[Dataset — start]
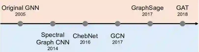 GNN 最初以循环 GNN 的形式发展,用于从有向无环图中提取节点表示。随着研究的发展,GNN 逐渐扩展到更多类型的图结构,如循环图和无向图。受到深度学习中 CNN 的启发,研究人员开发了将卷积概念推广到图域的方法,主要包括基于频域的方法和基于空域的方法。频域方法依赖于图的拉普拉斯谱来定义图卷积,而空域方法则通过聚合节点邻居的信息来实现图卷积。这些方法为处理复杂的图结构和不规则拓扑提供了有效的工具,极大地推动了 GNN 在多个领域,尤其是计算机视觉中的应用和发展。
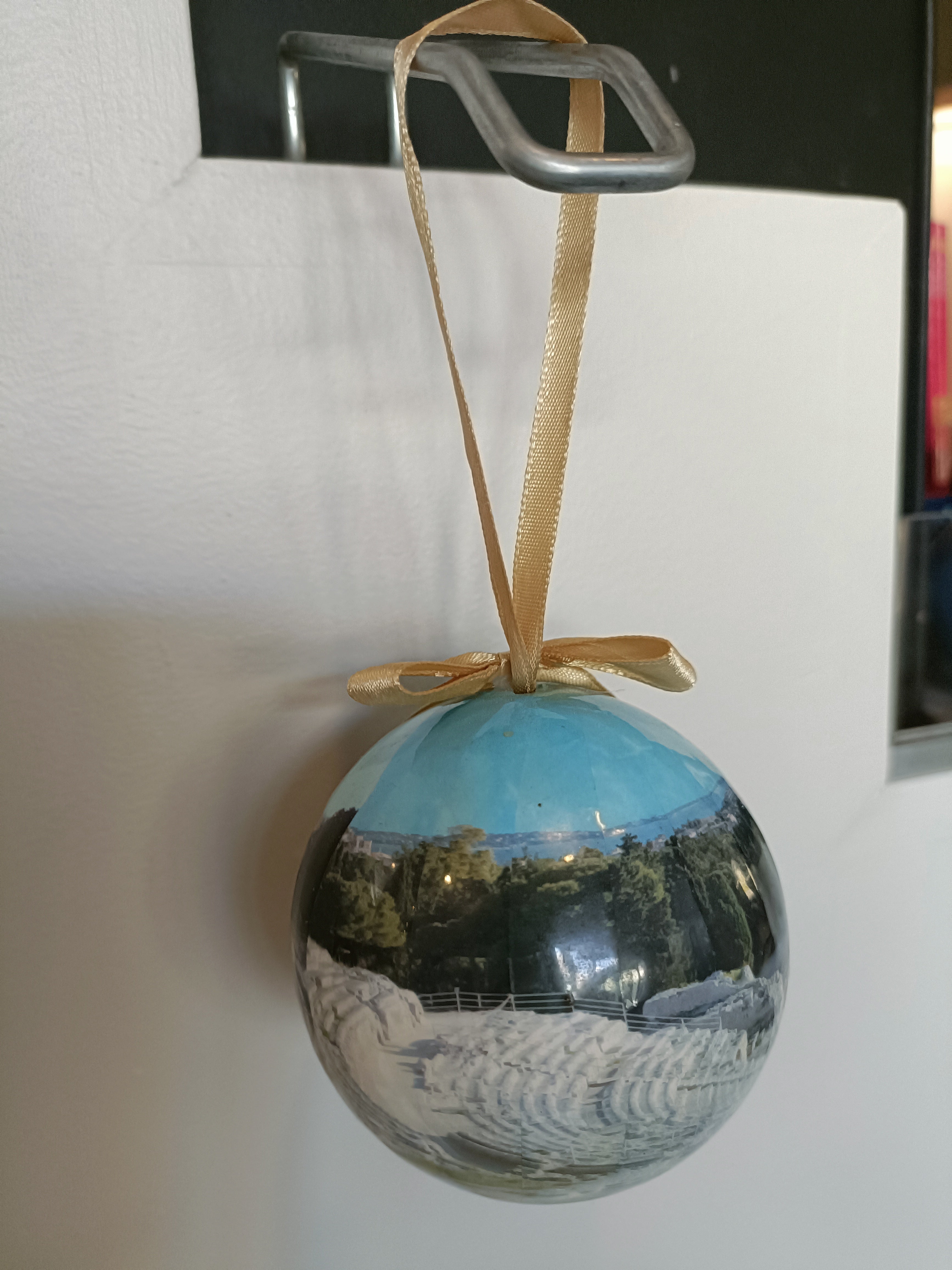 DESCRIZIONE: palla di Natale da appendere all'albero che racchiude al suo interno una miniatura del Teatro Greco di Siracusa
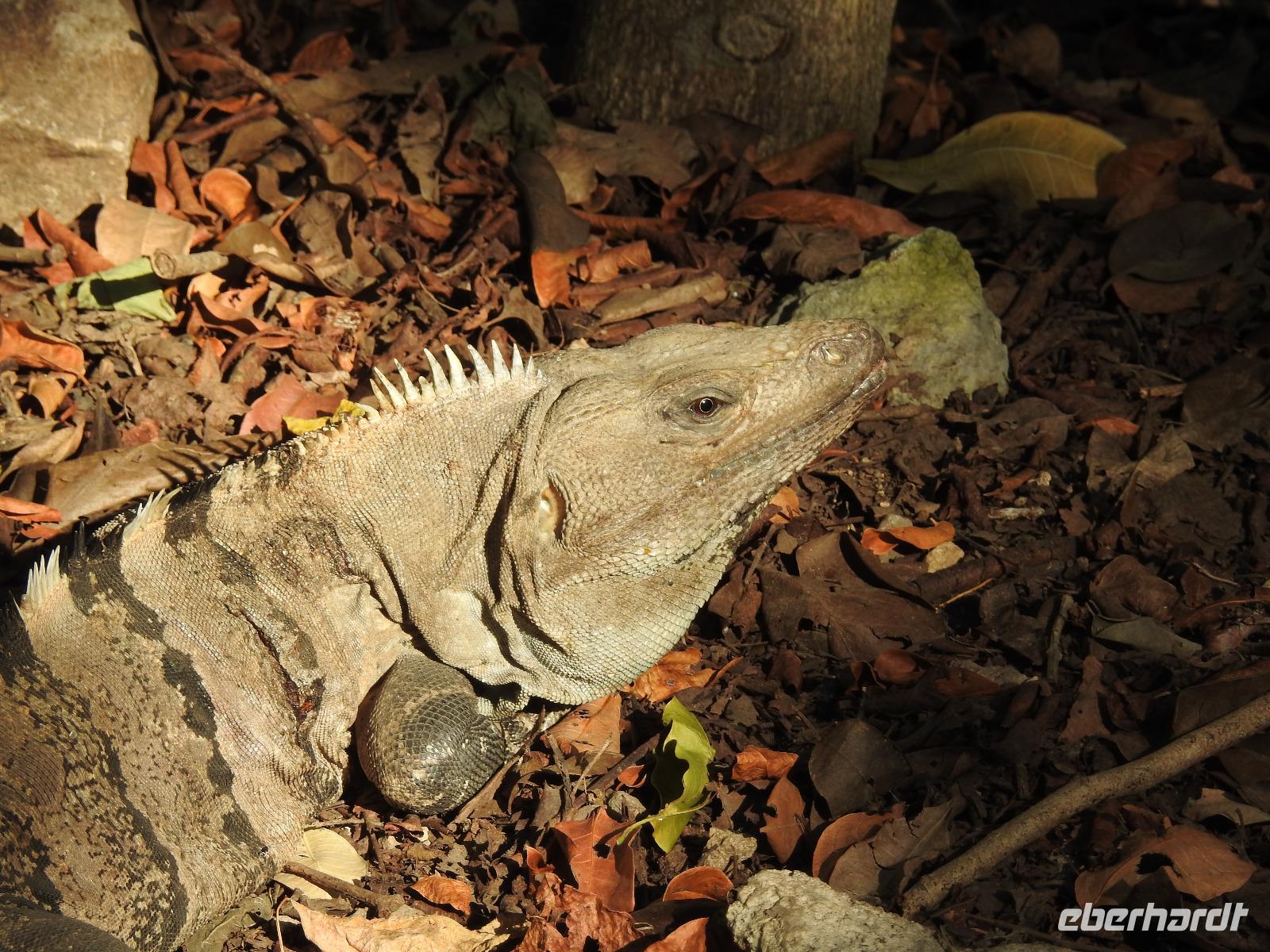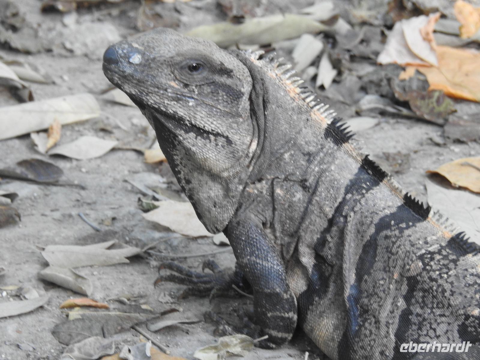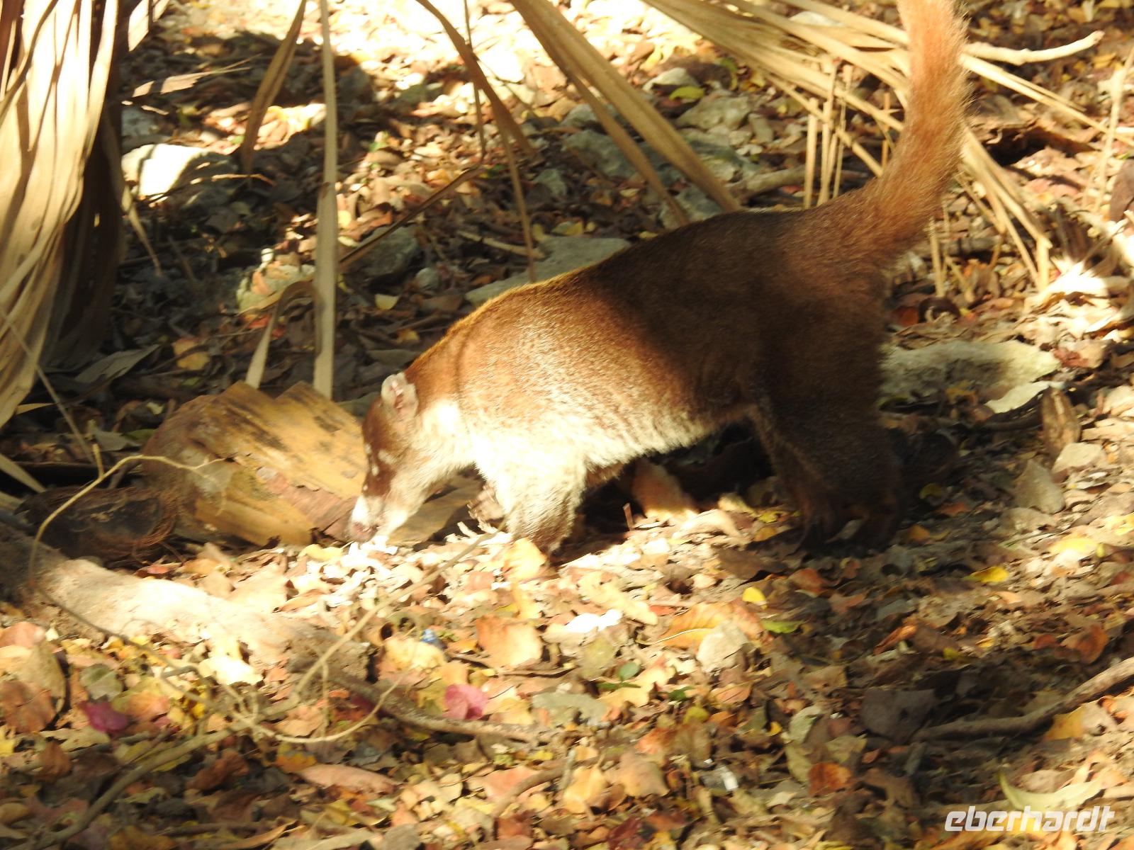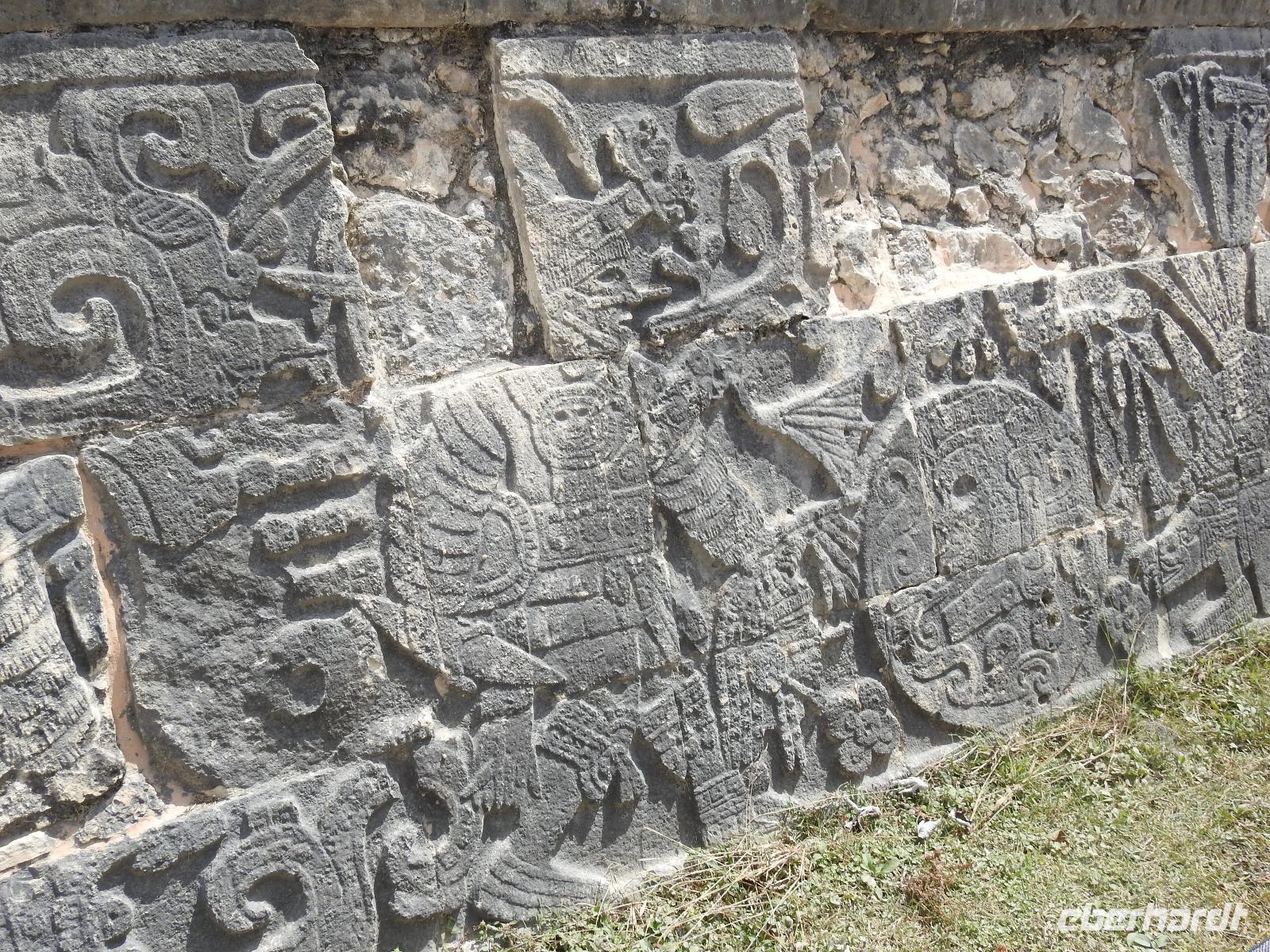 Die Koffer haben wir nachts vor die Tür gestellt und nun sind sie, wie von Geisterhand, verschwunden. Uns erwartet zum Abschied ein Sektfrühstück. Um 9 Uhr verlassen wir die MS Albatros. Doch das ist nicht so einfach. Zunächst müssen wir, wie schon so oft geübt, die Atlantik Lounge aufsuchen. Dort pilgern wir in langer Schlange an den mexikanischen Behörden vorbei. Stempel hier, Stempel da. Papier abgeben, Papier bekommen. Kein Mensch sieht mehr durch. Da hilft nur: alles aufheben, nichts wegwerfen und den Behörden vertrauen. Auf Deck 3 befindet sich der Ausgang und die Gangway. Ca. 200 Meter weiter stehen Mitarbeiter vom Schiff und weisen uns den Weg zu den Koffern. Es ist brütend heiß. Und immer noch ein Stück bis zum Bus. Dieser ist verdunkelt und innen ist es angenehm kühl. Diego, unser Reiseleiter gibt uns ein paar Informationen zu Mexiko, dann lehnen wir uns zurück, schließen die Augen und erreichen nach zwei Stunden Chichen Itza. Inzwischen ist es Mittag und der Planet brennt. Die Sonne ist unbarmherzig. Dafür ist der Himmel strahlend blau. Vorbei an vielen bunten Ständen mit verkaufswütigen Händlern spazieren wir entlang des Säulenwaldes Richtung große Pyramide. Die Säulen sind so symmetrisch angeordnet, dass man, wenn man vor einer Säule steht, die anderen dahinter nicht sehen kann. Die Pyramide des Kukulkan ist immer noch der Hauptanziehungspunkt dieser archäologischen Stätte. Seit etwa dreizehn Jahren ist es aber verboten, hinauf zu klettern. Nun, bei dieser Hitze wäre das sowieso nicht ratsam. Wir kommen zur Schädelwand, die daran erinnert, dass es zu Mayazeiten üblich war, die Schädel von besiegten Feinden oder von Menschenopfern in großen Reihen zu stapeln. Am Ballspielplatz fragen wir uns, wie es wohl möglich war, nur mit Schulter, Brust und Hüfte einen schweren Kautschukball durch die in der Höhe angebrachten Steinringe zu schießen. Nun, nicht jeder scheint das Spiel überlebt zu haben, wie an einem Relief zu erkennen ist. Hier hält ein erfolgreicher Krieger den Kopf seines Gegners in der Hand, während aus dessen nunmehr kopflosen Körper das Blut sprudelt. Man kann nicht sagen, dass die Mayas zart miteinander umgegangen sind. Wir müssen uns jetzt beeilen, das Mittagessen wartet. Nach einem eher hektischen Imbiss mit Selbstbedienung, fahren wir weiter nach Tulum. Auch für diese Strecke benötigen wir noch einmal zwei Stunden. Als wir ankommen, muss die Uhr eine Stunde vorgestellt werden und wir sind zu spät, die Anlage ist geschlossen. Doch gegen Aufpreis kommen wir doch noch hinein. Diego schafft es sogar, die Toilettenfrau zu überreden, uns noch die ebenfalls bereits geschlossenen WCs benutzen zu lassen. Wir spazieren im Licht der langsam untergehenden Sonne durch Tulum. Der Vorteil des späten Besuchs ist, dass wir fast allein hier sind. Wir treffen einen Nasenbär und viele Echsen die es sich auf den warmen Steinen gemütlich gemacht haben und aussehen, als wären sie die Wächter von Tulum. Tulum ist die einzige Mayastätte, die am Meer gefunden wurde und soll die Funktion eines Hafens gehabt haben. Die Aussicht auf das Meer und den weißen Sandstrand sind fantastisch. Am Tempel des herabstürzenden Gottes kann man sich darüber Gedanken machen, ob hier nun der Bienengott dargestellt ist oder aber ein Außerirdischer, wie es Eric van Dänicken einmal behauptet hat. Wir fahren jetzt in unser Strandhotel, in dem wir die letzte Nacht dieser Reise verbringen.
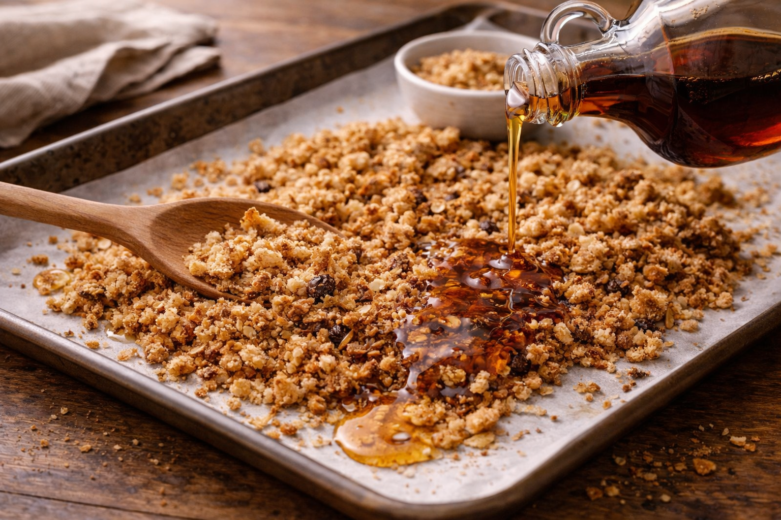 Pour un goût de pain doré encore plus marqué sans ajouter d’ingrédients, sèche légèrement la chapelure avant de l’utiliser : 5 minutes au four pendant le préchauffage suffisent. Elle absorbera mieux le sirop d’érable et développera une saveur toastée plus profonde. Résultat : un granola plus parfumé, plus rassasiant, qui donne l’impression d’un dessert matinal. Moins de portions mangées, zéro gaspillage, et un maximum de satisfaction pour ton budget.
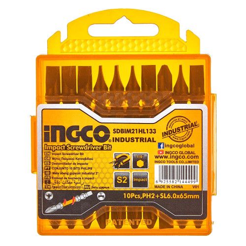 Комплект двосторонніх ударних біт PH2 + SL6 10 шт INGCO SDBIM21HL133 INDUSTRIAL з шестигранником поставляється в пластиковому футлярі. Матеріал: сталь S2. Розмір: 65 мм. Шліц: PH2 + SL6.
[Dataset — finish]
- [The task]:
Please restate the material above line by line, exactly, beginning at its first line and ending with the line that contains "DESCRIZIONE: palla di", without any pictures.

- [Problem solution]:
 GNN 最初以循环 GNN 的形式发展,用于从有向无环图中提取节点表示。随着研究的发展,GNN 逐渐扩展到更多类型的图结构,如循环图和无向图。受到深度学习中 CNN 的启发,研究人员开发了将卷积概念推广到图域的方法,主要包括基于频域的方法和基于空域的方法。频域方法依赖于图的拉普拉斯谱来定义图卷积,而空域方法则通过聚合节点邻居的信息来实现图卷积。这些方法为处理复杂的图结构和不规则拓扑提供了有效的工具,极大地推动了 GNN 在多个领域,尤其是计算机视觉中的应用和发展。
 DESCRIZIONE: palla di Natale da appendere all'albero che racchiude al suo interno una miniatura del Teatro Greco di Siracusa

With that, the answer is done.